Analysis of Supersize Me

  1. 1. Supersize Me was made by Morgan Spurlock. He follows a 30- day period from February 1 to March 2, 2003 during which he ate only McDonald’s food. The film documents this lifestyle’s drastic effect on Spurlock’s physical and psychological well-being, and explores the fast food industry’s corporate influence, including how it encourages poor nutrition for its own profit. The documentary was nominated for an Academy Award for Documentary Feature.
  2. 2. Produced by: Morgan Spurlock Written by: Morgan Spurlock Starring: Morgan Spurlock Alexandra Jamieson Cinematography: Scott Ambrozy Editing by: Julie "Bob" Lombardi Distributed by: Samuel Goldwyn Films Roadside Attractions Release date: May 7, 2004 Running time: 98 min. Country: United States Language: English Budget: $1,065,000 Box office: $30,000,000
  3. 3. Spurlock has specific rules governing his eating habits: • He must fully eat three McDonald's meals per day: breakfast, lunch, and dinner. • He must consume every item on the McDonald's menu at least once over the course of the 30 days • He must only ingest items that are offered on the McDonald's menu, including bottled water. All outside consumption of food is prohibited. • He must Super Size the meal when offered, but only when offered (i.e., he is not able to Super Size items himself) • He will attempt to walk about as much as a typical U.S citizen.
  4. 4. The message is more one of personal responsibility than corporate accusation: Advertising is powerful but wrong. Children need help to find healthy food. Personal choices have powerful consequences.
  5. 5. Morgan Spurlock is the authority in this documentary, he acts as the ‘voice of God’ in the form of voice overs, in order to interpret the material we are watching. We are expected to trust the narration, it also acts as an anchor for the visual material.
  6. 6. The script is the exposition, the argument behind the documentary, it provides a structure to the film. Morgan Spurlock divides his documentary into sections/chapters, in each one Morgan Spurlock addresses different factors for his argument.
  7. 7. Morgan Spurlock simplifies his argument to a certain extent, however he makes it clear that McDonalds is not the only problem in the obesity crisis in America. He sets out to answer these questions: Are the food companies solely to blame for this epidemic? Where is the personal responsibility stop and corporate responsibility begin? Is fast food really that bad for you? Would it be unreasonably dangerous? He does attend to these questions but often always going back to McDonalds problems. He simplifies his argument from the outset in the way he carries out the documentary, he knew the consequences of the McDonalds diet before he began it.
  8. 8. Morgan Spurlock uses cartoons and animation in his interview, he uses negative images of fat men and crying clowns to push his message forward about fast food.

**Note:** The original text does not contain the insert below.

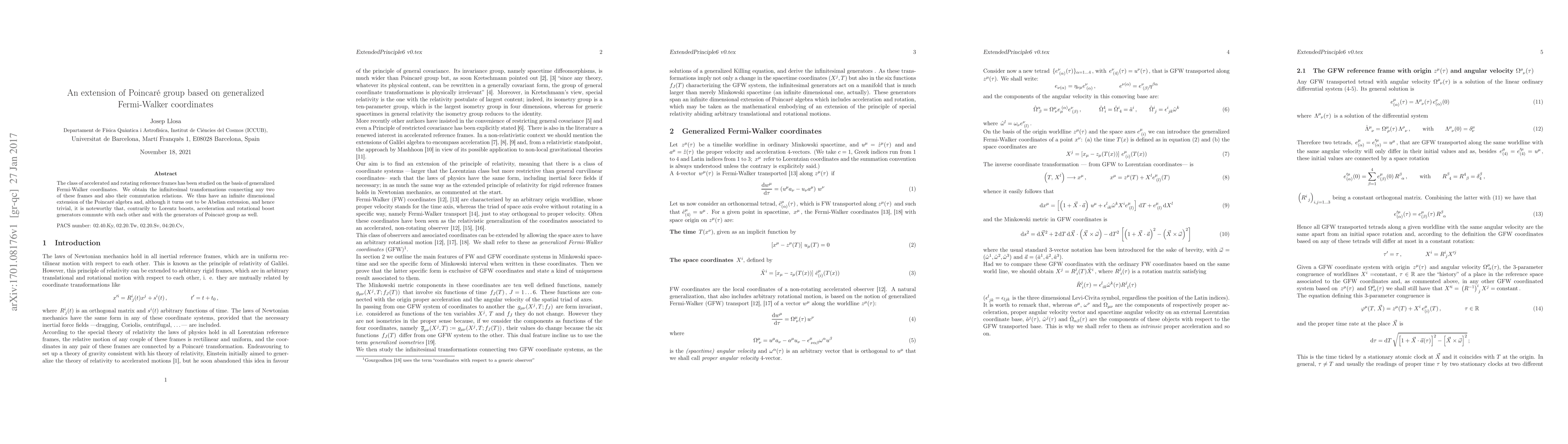 This paper extends the Poincaré group using generalized Fermi-Walker coordinates for accelerated and rotating frames, deriving the infinitesimal transformations and commutation relations. Notably, unlike Lorentz boosts, the generators for acceleration and rotational boosts commute with each other and with Poincaré group generators.

  9. 9. Morgan Spurlock used many different types of interview. He has shots of him and his and his medical personal speaking about how his health has deteriorated dramatically. This is a conversational style of interview. He also has shots of the General Surgeon on his own. This is an example of a talking head interview. The other type of interview he uses is with random people on the street. This gets public opinion. He also has formal interviews with employees of McDonalds and other industries.
  10. 10. In the United Kingdom, McDonald's placed a brief ad in the trailers of showings of the film, pointing to the website . The advertisement stated, "See what we disagree with. See what we agree with." The film was the inspiration for the BBC television series ‘The Supersizers’ in which the presenters dine on historical meals and take medical tests to ascertain the impact on their health. McDonalds got rid of supersize meals and showed calorie content for most meals on the McDonalds menu.